Keep Calm and Carry On

Keep Calm and Carry On

Today was a good workout at the gym with my husband. I’m doing the best I can to be okay during my workouts. I may feel like I’m freaking out, but I’m trying to remain calm. I don’t want to feed into my fears. I’m working on using the mirrors in the gym to my advantage. I’m using them to help me see things that are going on around and behind me. We are generally able to go to the gym when it’s slow, which is usually when most people are at work. That is a huge help to my anxiety.

I’m finally feeling better after being awake for two days. Yesterday, I was still feeling kind of messed up. It’s weird what happens to your body when you’re awake for 42 hours straight. Hopefully I won’t have any more problems sleeping. I think that the whole issue was caused by anxiety; probably from my dose increase and from stopping ECT. At least I’m feeling well enough to do my regular routine.
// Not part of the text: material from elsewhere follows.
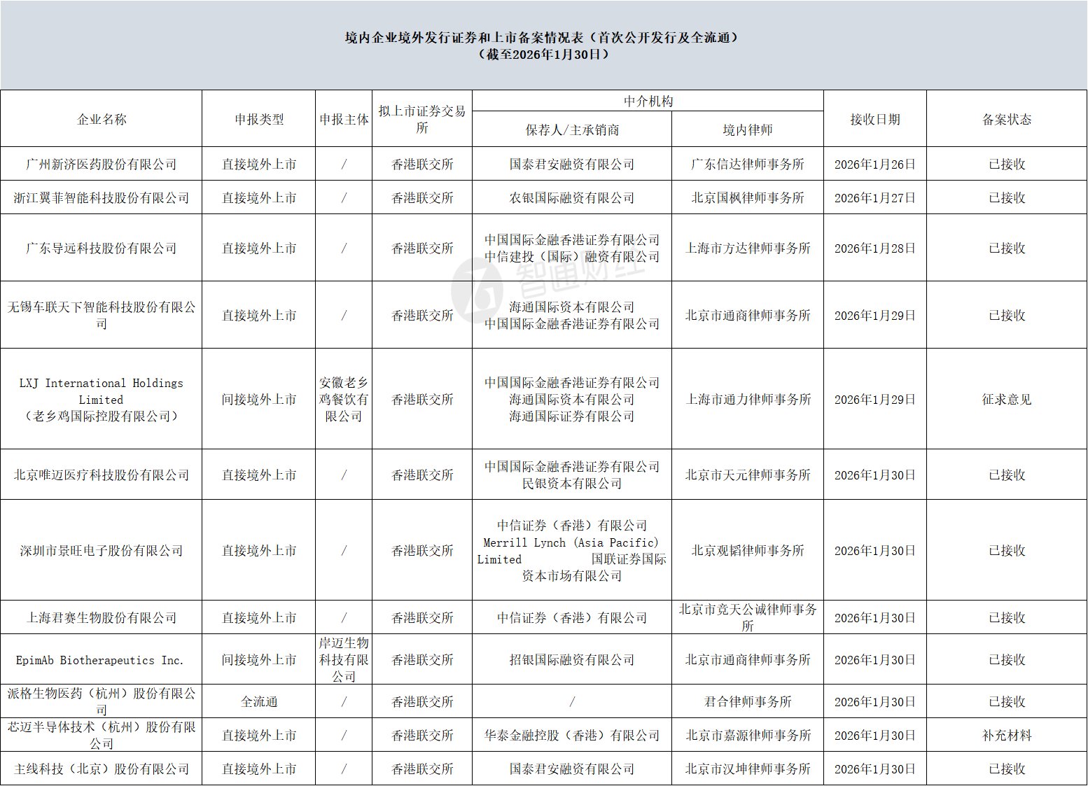 1月30日,中国证监会发布《境内企业境外发行证券和上市备案情况表(首次公开发行及全流通)(截至2026年1月30日)》,其中,新济医药、翼菲科技、导远 科技、车联天下、唯迈医疗、景旺电子(603228)、君赛生物、主线科技拟香港IPO获中国证监会接收材料;老乡鸡(间接境外上市)拟香港IPO备案状态为征 求意见;芯迈半导体拟香港IPO备案状态为补充材料。 | 境内企业境外发行证券和上市备案情况表(首次公开发行及全流通) | | --- | | (截至2026年1月30日) | | 企业名称 | 申报类型 | 申报主体 | 拟上市证券交易 | 中介机构 | | | --- | --- | --- | --- | --- | --- | | | | | 册 | 保荐人/主承销商 | 境内律师 | | 广州新济医药股份有限公司 | 直接境外上市 | 1 | 香港联交所 | 国泰君安融资有限公司 | 广东信达律师 | | 浙江翼菲智能科技股份有限公司 | 直接境外上市 | 1 | 香港联交所 | 农银国际融资有限公司 | 北京国枫律师 | | 广东导远科技股份有限公司 | 直接境外上市 | 1 | 香港联交所 | 中国 ...

I’m trying to be grateful for what I do have and think positive about everything. This is easier said than done, but all that matters is that I keep trying. Just keep calm and carry on (as much as possible).
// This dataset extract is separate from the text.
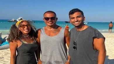 صورة- عمرو دياب مع منة القيعي وزوجها على البحر

Doing Things For Ourselves

Doing Things For Ourselves

Today is going a bit better. I feel okay so far. I’ve been able to get some things done. Now, I’m about to get ready to go to the gym with my husband. I’m anxious, but at least I go. It’s better than not going. I’ve decided to go to Cape Cod, so I should probably try to lose a bit of weight. Now, I have a reason, a goal to lose weight for. Of course, I would want to look as good as possible in a bathing suit. It’s not for anyone else, it’s just for myself. I’ve learned over the years that the things we do are for ourselves, not for others. Doing the best we can is to please ourselves. I’m so proud of my niece, she’s 13 years old, she has learned that at such a young age when it took me so long to figure it out. She is a figure skater, and competes. She says that she competes against herself, not against the other people there. It’s such a great attitude and way to look at things.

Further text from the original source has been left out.